In this article, which is part of the Currents in One Health series, the role of naturally occurring ocular disease in animals is reviewed with emphasis on how the understanding of these ocular diseases contributes to one health initiatives, particularly the pathogenesis and treatment of ocular diseases common to animals and humans. Animals spontaneously develop ocular diseases that closely mimic those in humans, especially dry eye disease, herpes virus infection (cats), fungal keratitis (horses), bacterial keratoconjunctivitis, uveitis, and glaucoma. Both uveitis and glaucoma are common in domestic animals and humans, and many similarities exist in pathogenesis, genetics, and response to therapy. Furthermore, the study of inherited retinal disease in animals has particularly epitomized the one health concept, specifically the collaborative efforts of multiple disciplines working to attain optimal health for people and animals. Through this study of retinal disease in dogs, innovative therapies such as gene therapy have been developed. A unique opportunity exists to study ocular disease in shared environments to better understand the interplay between the environment, genetics, and ocular disease in both animals and humans. The companion Currents in One Health by Gilger, AJVR, December 2022, addresses in more detail recent studies of noninfectious immune-mediated animal ocular disease and their role in advancing ocular health globally.

Abstract

In this article, which is part of the Currents in One Health series, the role of naturally occurring ocular disease in animals is reviewed with emphasis on how the understanding of these ocular diseases contributes to one health initiatives, particularly the pathogenesis and treatment of ocular diseases common to animals and humans. Animals spontaneously develop ocular diseases that closely mimic those in humans, especially dry eye disease, herpes virus infection (cats), fungal keratitis (horses), bacterial keratoconjunctivitis, uveitis, and glaucoma. Both uveitis and glaucoma are common in domestic animals and humans, and many similarities exist in pathogenesis, genetics, and response to therapy. Furthermore, the study of inherited retinal disease in animals has particularly epitomized the one health concept, specifically the collaborative efforts of multiple disciplines working to attain optimal health for people and animals. Through this study of retinal disease in dogs, innovative therapies such as gene therapy have been developed. A unique opportunity exists to study ocular disease in shared environments to better understand the interplay between the environment, genetics, and ocular disease in both animals and humans. The companion Currents in One Health by Gilger, AJVR, December 2022, addresses in more detail recent studies of noninfectious immune-mediated animal ocular disease and their role in advancing ocular health globally.

Introduction

As many veterinary practitioners have experienced, ocular disease is common in animals. Plus, there are many similarities between the ocular diseases in companion veterinary species and those in humans.
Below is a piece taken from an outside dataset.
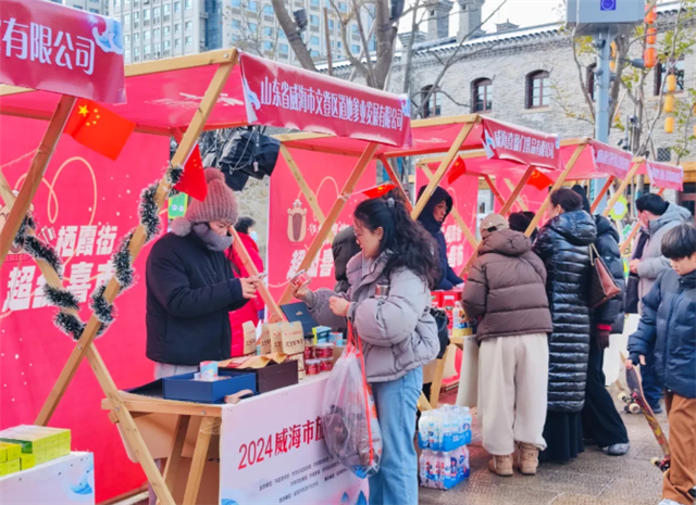 好客山東賀年會,幸福威海品至味。活動當天,棲霞街內樂隊演出、非遺市集、漢服游園等活動精彩不斷,人流絡繹不絕。由市文旅局創新打造的互動抽獎區人氣十足,“文旅盲盒”供不應求。

Study of naturally occurring ocular diseases in animals by veterinarians is particularly important in one health initiatives, where optimal health outcomes are achieved by recognizing the interconnection between people, animals, plants, and their shared environment.1,2 The CDC defines one health as the collaborative efforts of multiple disciplines working locally, nationally, and globally to attain optimal health for people, animals, and our environment.3 In ophthalmology, the study and sharing of information by veterinary practitioners are particularly important to advance knowledge of pathogenesis and treatment of common ocular diseases, such as dry eye, keratitis, uveitis, glaucoma, and retinal degeneration. Who better than veterinarians to study these naturally occurring ocular diseases in animals and to translate these observations to improve health in animals and humans? This article, which is part of the Currents in One Health series, reviews the importance of understanding eye disease and the development of advanced therapeutics through the study of naturally occurring ocular diseases in animals. The companion Currents in One Health manuscript by Gilger, AJVR, December 2022, addresses in more detail recent studies of immune-mediated naturally occurring animal ocular disease and their role in advancing ocular health. Ocular diseases that are common in both animals and humans are reviewed herein with an emphasis on their one health perspective.

Dry Eye Disease

Dry eye disease (DED) or keratoconjunctivitis sicca is very common in domestic animals, particularly dogs. DED is ocular surface inflammation resulting from a decrease in aqueous tear production or a reduction in other tear components (Figure 1). The normal tear film is critically important for ocular surface health, as it provides nutrition, lubrication, and immune homeostasis as a major component of the innate immune barrier of the eye. Without normal tears, chronic irritation and microbial overgrowth may occur due to a reduction of antibacterial peptides and IgA in the tears.4 Dog breeds such as the American Cocker Spaniel and West Highland White Terrier may have a high prevalence of DED that is > 5%.5 Humans also suffer from DED with an estimated prevalence of > 11% in patients over the age of 50.6 In dogs and humans, clinical signs of DED are similar and include conjunctival redness, mucoid discharge, and irritation with chronicity, corneal scarring, and vascularization. Decreased vision and eventually blindness may develop unless effective treatment is initiated. Although the cause of DED is multifactorial with substantial environmental influences (eg, lack of humidity, exposure to smoke), most DED cases in dogs and humans have an immune-mediated pathogenesis.4,68 Therefore, the study of DED in dogs is particularly important to generate new therapeutics. Over 30 years ago, Kaswan et al9 reported that topical ocular application of cyclosporine not only increased tear production in DED canines but also improved clinical signs associated with DED such as reduction of opacity, conjunctival hyperemia, and vascularization.9 These observations led to the global use of calcineurin inhibitors for the treatment of DED in dogs and humans (eg, the development of Restasis), and calcineurin inhibitors are now the leading treatment for DED in humans and dogs over the past 30 years.10 More recently, Murphy et al11 demonstrated efficacy in DED dogs of topical lifitegrast, a novel immunosuppressive small-molecule pharmaceutical that antagonizes lymphocyte function–associated antigen-1. These findings translated to the approval of Xiidra in July 2016 in the US for the treatment of DED in humans. Further study of ocular surface inflammatory conditions and tear film in animals, primarily in dogs, including study of mucins and lipids, is being performed by several laboratories, including those headed by Drs. Sara Thomasy, Brian Leonard, and Lionel Sebbag.8

Figure 1
Figure 1

Superficial keratitis in a dog with dry eye disease. Dry eye disease is very common in domestic animals, particularly dogs, and humans resulting from a decrease in aqueous tear production or reduction of other tear components.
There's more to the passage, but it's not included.